Under the null hypothesis \({H}_{0}:{h}_{M}^{2}={h}_{F}^{2}={h}^{2}\) for a shared \({h}^{2}\), the expected value of the difference in test statistics is \(E[T_M- T_F ]=E[T_M ]-E[T_F ]=K+(N_M-1)C-(K+(N_F-1)C)=C(N_M-N_F )\), with \(C=\frac{{h}^{2}}{1-{h}^{2}}\). To test this null hypothesis, we first estimate the shared \({h}^{2}\) parameter as the sample size weighted mean of the sex-specific estimates, i.e., \({\hat{h}}^{2}=\frac{1}{{N}_{M}+{N}_{F}}({N}_{M}{\hat{h}}_{M}^{2}+{N}_{F}{\hat{h}}_{F}^{2})\). We then define the test statistic \({T}_{D}^{\left({{{\rm{obs}}}}\right)}={T}_{M}^{\left({{{\rm{obs}}}}\right)}-\) \({T}_{F}^{({{{\rm{obs}}}})}=\frac{1}{1-{\hat{h}}^{2}}(({N}_{M}-1){\hat{\delta }}_{M}^{T}{\hat{\delta }}_{M}-({N}_{F}-1){\hat{\delta }}_{F}^{T}{\hat{\delta }}_{F})\), and generate draws of \({T}_{D}^{\left({{{\rm{draw}}}}\right)}\) by separately sampling \({T}_{M}^{\left({{{\rm{draw}}}}\right)}\) and \({T}_{F}^{\left({{{\rm{draw}}}}\right)}\) from \({\chi }_{K}^{2}\) distributions with noncentrality parameters of \(\left({N}_{M}-1\right)\hat{C}\) and \(\left({N}_{F}-1\right)\hat{C}\) with \(\hat{C}=\frac{{\hat{h}}^{2}}{1-{\hat{h}}^{2}}\), and taking their difference. An empirical p-value is then computed as \(2\times \Pr ({T}_{D}^{\left({{{\rm{draw}}}}\right)} < {T}_{D}^{\left({{{\rm{obs}}}}\right)})\) if \({T}_{D}^{\left({{{\rm{obs}}}}\right)} < \hat{C}\left({N}_{M}-{N}_{F}\right)\), and \(2\times \Pr ({T}_{D}^{\left({{{\rm{draw}}}}\right)} > {T}_{D}^{\left({{{\rm{obs}}}}\right)})\) otherwise. An adaptive sampling procedure was used for this, starting at an initial 10,000 draws of \({T}_{D}^{\left({{{\rm{draw}}}}\right)}\), and increasing these up to a maximum of 100 million draws for lower p-values.
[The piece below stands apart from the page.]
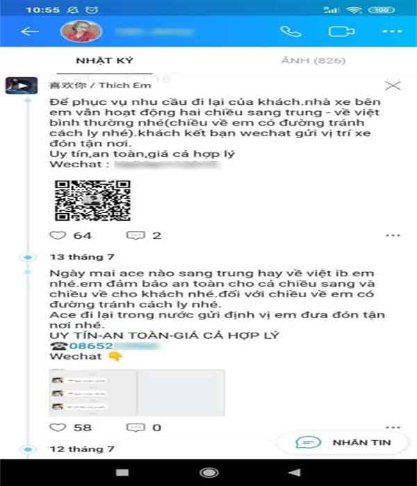 Nhận chở khách từ Trung Quốc về Việt Nam “bao tránh cách ly 14 ngày”.

We note that, at present, this test has only been evaluated for quantitative phenotypes. Simulations showed that type-1 error rates were well controlled (see Supplementary Data 2 and “Methods: Type-1 error simulations”). Further simulations also indicate that if sample sizes differ, power to detect a difference in local heritability will be somewhat greater if the higher local heritability is in the smaller of the two samples, rather than in the larger sample (see Supplementary Fig. 3 and “Methods: Power simulations”).
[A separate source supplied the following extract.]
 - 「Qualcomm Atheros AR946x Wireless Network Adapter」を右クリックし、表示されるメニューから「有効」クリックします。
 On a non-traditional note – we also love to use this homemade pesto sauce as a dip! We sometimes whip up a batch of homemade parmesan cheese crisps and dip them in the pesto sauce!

Note that the null hypothesis of equal local heritabilities, \({H}_{0}:{h}_{M}^{2}={h}_{F}^{2}\), is also implied by the null hypothesis \({H}_{0}:{\delta }_{M}={\delta }_{F}\) of equality of standardized genetic effects, though the reverse is not true. By contrast, under the null hypothesis \({H}_{0}:{S}_{M}{\delta }_{M}={S}_{F}{\delta }_{F}\) of equality of natural scale genetic effects, heritabilities can only be equal if \({S}_{M}={S}_{F}\).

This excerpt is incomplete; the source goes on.